Mar 7 • 13:30 UTC 🇫🇮 Finland Ilta-Sanomat

The Softest Buns in the World – One Specific Method is the Secret to Fluffiness

This article discusses a unique bread-making technique called tangzhong, which results in exceptionally soft and fluffy buns.

The article explores various methods of making pullataikina, a Finnish bun dough, highlighting the importance of ingredient ratios, proper kneading for good gluten formation, and the use of the tangzhong method. In this approach, dough is made with milk and butter, and a small amount of yeast, with only one rise period required to achieve a remarkably soft and flavorful result.

Particularly popular in Japan, the tangzhong method involves preparing a roux-like starter made with one part flour to four parts liquid, which is heated until it thickens. This technique not only contributes to the fluffiness of the buns but also helps them stay fresh and soft for an extended period.

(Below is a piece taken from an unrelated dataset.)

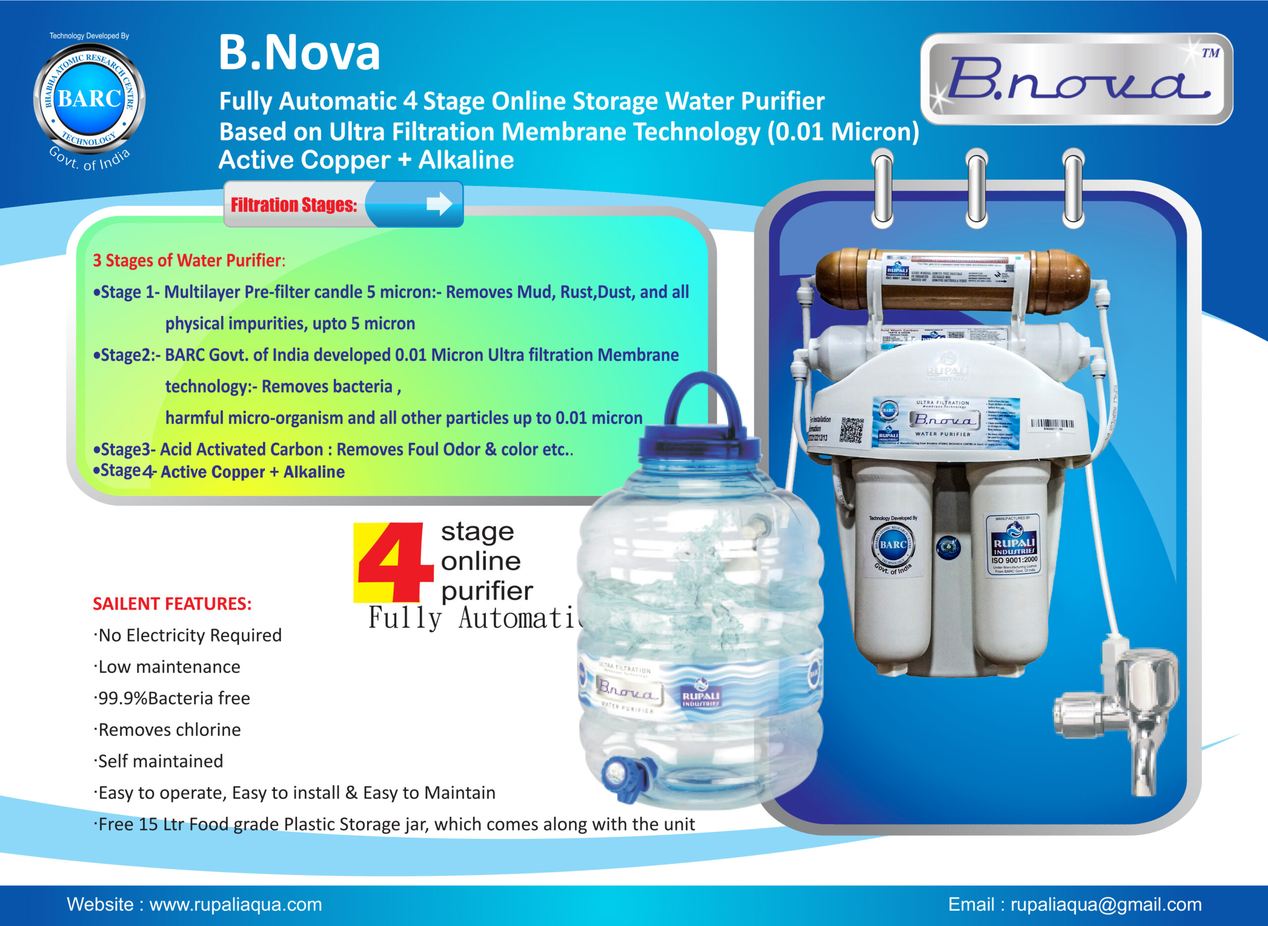 Based on Ultra Filtration Membrane Technology 0.01 Micron developed by BARC Govt. of India

By incorporating this method, bakers can create buns that are not only visually appealing but also enjoyable to eat due to their texture and taste.

The article serves as a guide for those interested in perfecting their baking skills, emphasizing that even minimal yeast and single rise processes can yield outstanding results when combined with the right techniques. It invites readers to experiment with their own variations while adhering to the fundamental principles of the tangzhong method to achieve bakery-quality buns at home.